REACH Registration Waivers

Test data requirements for REACH – use of Waivers and alternative to testing

REACH registration does not require test data on all endpoints – it is sufficient to provide justified waivers or use justifiable alternatives.  Annex XI of REACH makes this very clear.

Waivers for testing or use of non-laboratory data for hazard assessment (Chemical Safety Assessment) must be considered before performing new tests; this is especially important to avoid unnecessary animal testing.

Denehurst can provide services to reduce the impact of laboratory testing by assessing potential for waivers or use of non-laboratory data

Link to Laboratory Testing  page

Link to Animal Testing policy 

Waivers

It is not necessary to perform expensive laboratory tests for every endpoint listed.  There is no obligation to perform every test on the lists provided in Annexes VII – X of REACH and within these Annexes, reasons for waivers are provided. Note that Annex XI of REACH describes how waivers and alternatives to testing can be considered.

Denehurst can help registrants with the justification for waivers or to help justify read-across and models to avoid excessive laboratory testing. There is an ethical requirement to minimise animal testing and it is important not to be drawn into testing on the basis that ‘it is only a couple of thousand Euros for each registrants, so may as well get it done’.  As long as a waiver is thought through and can be justified, the worst that can happen in the future is that ECHA will ask for further justification or perhaps testing; registrants will be given time to do this and while new work is being performed, supply can continue.  

In the absence of existing data, IUCLID data summary sections provide an opportunity for registrants to request waivers based on

  • Study technically not feasible
  • Study scientifically unjustified
  • Exposure considerations
  • Other justification

Whatever type of Waiver is selected, the IUCLID system that required a justification.

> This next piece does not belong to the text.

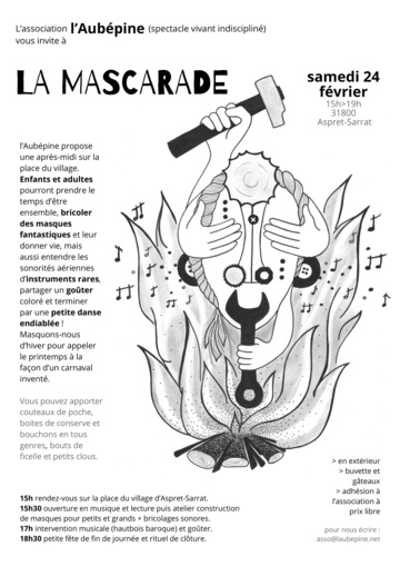 l'Aubépine propose une après-midi sur la place du village. Enfants et adultes pourront prendre le temps d'être ensemble, bricoler des masques fantastiques et leur donner vie, mais aussi entendre les sonorités aériennes d'instruments rares, partager un goûter coloré et terminer par une petite danse endiablée ! Masquons-nous d'hiver pour appeler le printemps à la façon d'un carnaval inventé.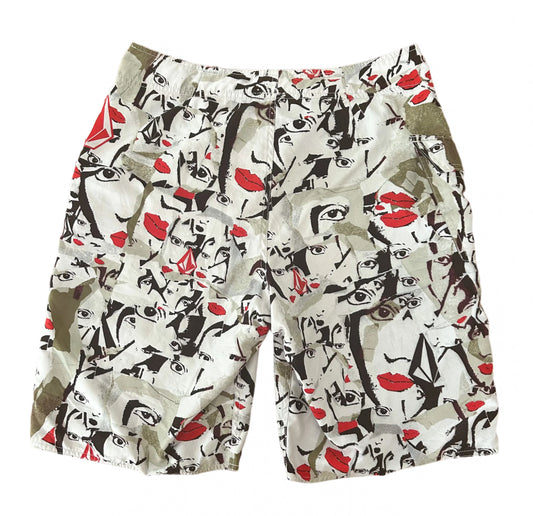 Volcom Vintage 2000s Eyes and Lips Face Print Boardshorts Medium

These are generally sensible, but sometimes no suitable option is provided and ‘other’ needs to be selected and explained in the text field.

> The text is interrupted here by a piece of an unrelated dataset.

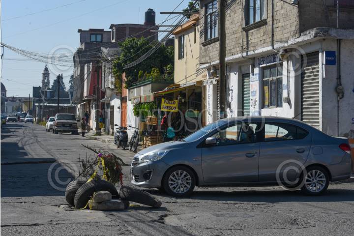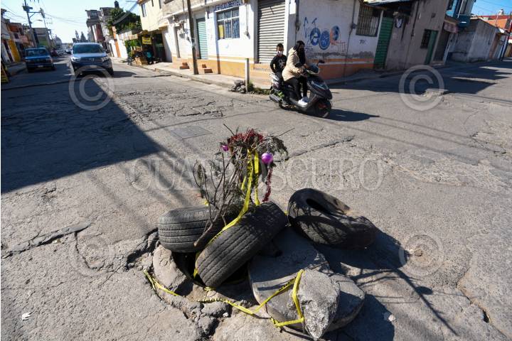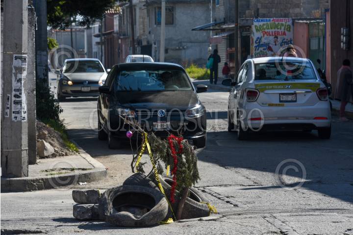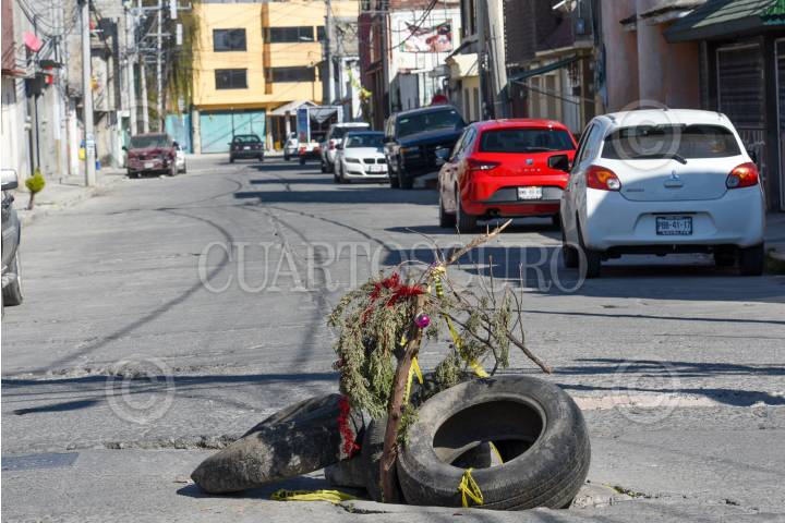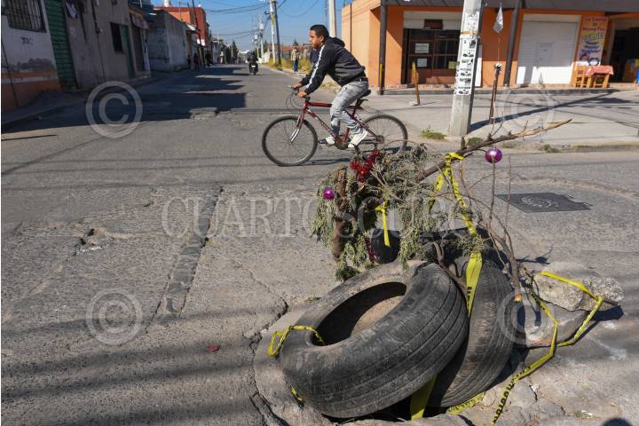 Vecinos de San Lorenzo Tepaltitlán adornaron las coladeras con una rama, esferas y escarcha por los próximos festejos navideños ante el mal estado de las tapas así como el robó de las mismas.

If using the ‘other’ option, this will alert the Regulatory Agencies and this part of the dossier will be scrutinised – for EU REACH, ECHA need a lot of convincing in some cases that anything other than a pre-listed option in the IUCLID justification is acceptable.

There are many examples of when waivers will apply, but these will be especially applicable for industrial uses of substances.  The most extreme set of ‘waivers’ is the supply of intermediates under strictly controlled conditions and in these cases, data requirements are limited; however, if failing to meet ‘strictly controlled’, but there is still reasonable level of control, reduced testing is possible.